With disruption rewriting traditional business operations, private business leaders remain steadfast in their optimism about the year ahead. In its second report on this important market segment, “Global perspectives for private companies: Agility in changing markets,” Deloitte details that despite market challenges, three-quarters of private business leaders express high or extremely high confidence in the success of their private firm over the next 24 months.
In a survey of 2,550 private company leaders across 30 countries, Deloitte found that the majority of respondents anticipate growth in six of eight key business metrics in the next 12 months. The strongest growth is predicted for revenue, productivity and profits – with companies in the Americas taking the lead in terms of expected increases, compared to counterparts in the Europe, Middle East, Africa and Asia Pacific regions.
“Private business leaders don’t necessarily view today’s disruption as negative, but rather as offering new opportunities for growth,” said Jason Downing, vice chairman of Deloitte LLP and the U.S. Deloitte Private leader. “Despite some concern about trade policy and geopolitical uncertainty, the majority of executives we surveyed are highly optimistic about growth and truly have confidence in their company’s success in the year ahead.”
Proactivity is catalysing productivity
Technology has brought business closer to its customers but it has also upended business models. It has driven efficiencies but also fostered uncertainties. To address these conditions, firms globally are not staying idle but considering (43%) and implementing (40%) new business models to navigate disruption.
In conjunction with exploring new business models, companies are also looking for ways to improve growth. Globally, the top two strategies for firms are increased productivity (29%) and new product/service development (24%). Interestingly, these same two categories rank as the top competitive advantages.
Talent as the differentiator
Despite advances in adoption and implementation of technology, private business leaders realise their employees can be the differentiator and are investing in them through the following initiatives: 39% are devoting assets to training programs, 35% are increasing the number of full-time employees and 33% are investing in leadership development.
In order to attract and retain employees, 4-in-10 firms plan to reimagine learning and development programs using experiential formats, develop strategies to build an inclusive workforce, and increase their focus on flexibility and well-being programs.
Social purpose fuels corporate profits
With the influence of social media and the rise of employee activism, the majority of private business executives recognise that having a strong company culture is not a “nice to have” but a “need to have.” More than three-quarters (77%) of survey respondents agree that culture is strategically important to the success of the business.
Culture encompasses much more than the activity happening within a business and private company leaders today recognise this new reality. Specifically, the concept of social responsibility is resonating with private firms worldwide, with 66% viewing it as a top or high priority for their organisation.
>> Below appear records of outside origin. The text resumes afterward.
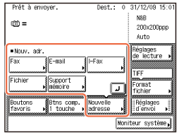 Vous pouvez également spécifier le destinataire à l’aide du [Carnet d’adresses], des [Boutons favoris] ou des [Btns comp. 1 touche]. Ces fonctions vous évitent de spécifier le destinataire chaque fois que vous envoyez des documents.
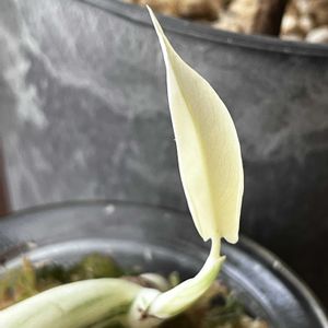 "ホワイトタイガー3兄弟" ついに1番目の茎だけ購入の子、開きました。 まっちろでした ちっさい、ペットボトルの蓋くらいのサイズ。 もう我慢できない、土に植え替えます!😂 次はもうちょい大きくなって緑入りますように🙏✨ 2番目の子は前の前の葉寄りの柄に近そうな、散り斑っぽい感じを確認🫡 3番目の子、まだ分かんないけどちゃんと緑入ってますね🥹👏👏
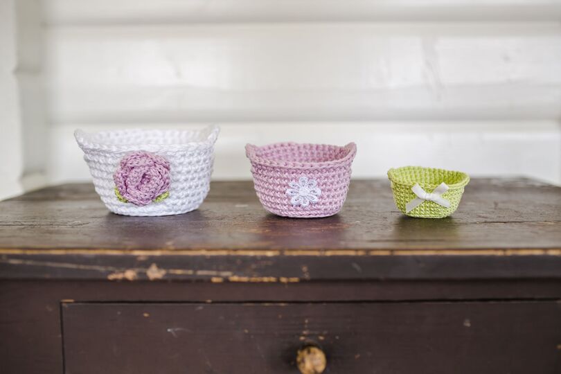 Sehr süß als kleines Mitbringsel oder als kleiner Ostergruß für liebe Menschen (eventuell gefüllt mit Pralinen oder Gästeseifen) oder aber auch einfach nur als Deko (gefüllt mit Mini-Häkelobst).
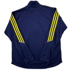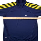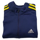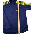 Adidas Climalite 1/4 Zip Pullover Mens Large Navy Blue Yellow 3-Stripes Training Pre-owned - Excellent Pre-owned pullover with light overall wear from prior use and laundering. Fabric is clean and intact with no stains, holes, or snags visible, and the zipper, seams, cuffs, hem, and adidas and Climalite logos are secure and functional. Minor loose threads near the shoulder stripe areas are present as shown in the photos. Brand: adidas. Style: Mens long sleeve Climalite 1/4 zip athletic pullover with mock neck and raglan sleeves. Size: Mens Large. Color: Navy blue base with bright yellow three-stripe detailing along the shoulders and sleeves and white logo accents. Labels/Origin: Embroidered adidas performance logo at the left chest and small printed Climalite logo at the lower left front hem; interior size and care tags are not shown in the available photos. Details: Lightweight textured performance knit fabric, quarter-length front zipper with stand mock collar, raglan sleeve construction for easy movement, contrast three-stripe trim from neck to cuffs, and a slightly curved hem suitable for training, running, soccer warm-ups, or casual layering. Material: Athletic performance knit fabric typical of polyester or polyester-blend tops; exact fiber content is not confirmed from the photos. Special notes: Pre-owned adidas Climalite training pullover; review all photos for close-up views of fabric texture, stripe detail, logos, and overall condition. 0088
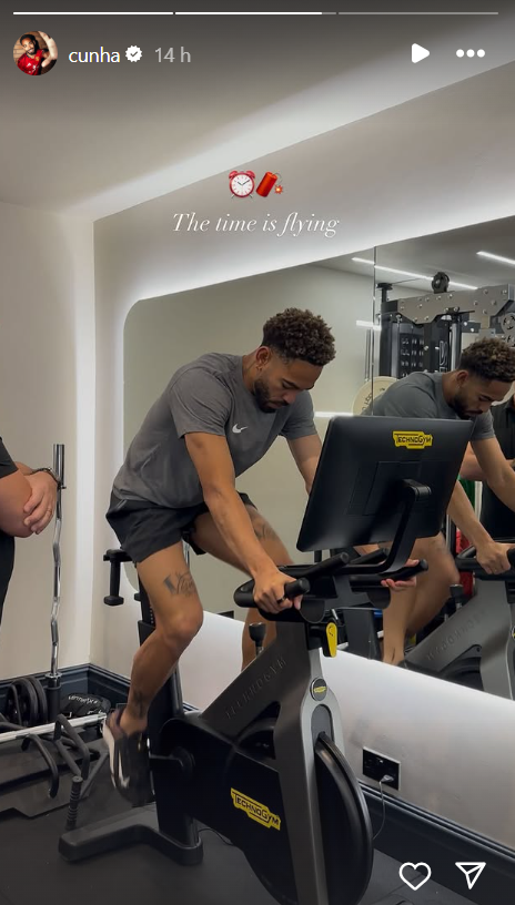 Matheus Cunha, avançado do Manchester United que se lesionou antes da paragem competitiva, mostrou nas redes sociais como está a decorrer a recuperação.
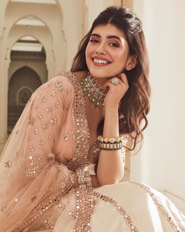 इस लुक में संजना सांघी ने ब्लू कलर का लहंगा पहना है, जिस पर गोल्डन एंब्रायडरी की गई है।
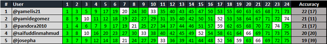 | 1 | @yamelis21 | 22 (17) | Link | 4 Steem Power + 1 Ticket Bingo |
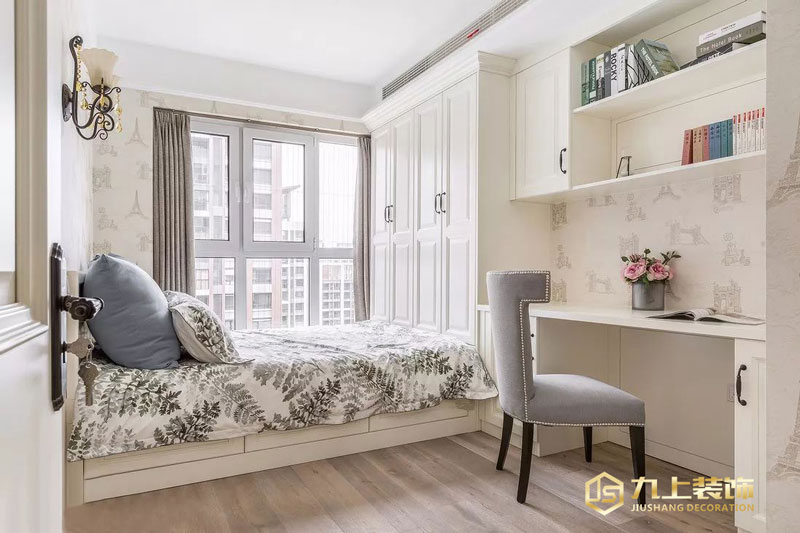 榻榻米床鋪與衣柜、書桌設(shè)計(jì)一體化,最大限度地利用了空間,多種功能隨意切換,淺色系裝飾清新自然。

To make the most of these initiatives, organisations are focusing on corporate strategy as well as employee and customer branding to separate themselves farther from the competition.
Conducting business across borders
Regardless of business size or industry, technology has blurred borders and provides every company with the ability to be a global enterprise. In fact, the top driver cited for M&A activity over the next 12 months is the opportunity to enter new global markets (39%). The survey found that many private business executives expect to conduct an aggressive merger and acquisition strategy, with 42% believing it is likely or very likely they will participate in an acquisition in that timeframe.
This potential expansion comes in the face of uncertainties ignited by global trade tensions. While 24% of global respondents view trade barriers as a significant risk to growth, it is not at the expense of private business’ optimism: 15% of respondents cite entry into foreign markets as their company’s main growth strategy over the next 12 months.
“Despite some areas of uncertainty, private businesses remain the engine behind the global economy, fueled by their agility and ability to innovate,” Downing said.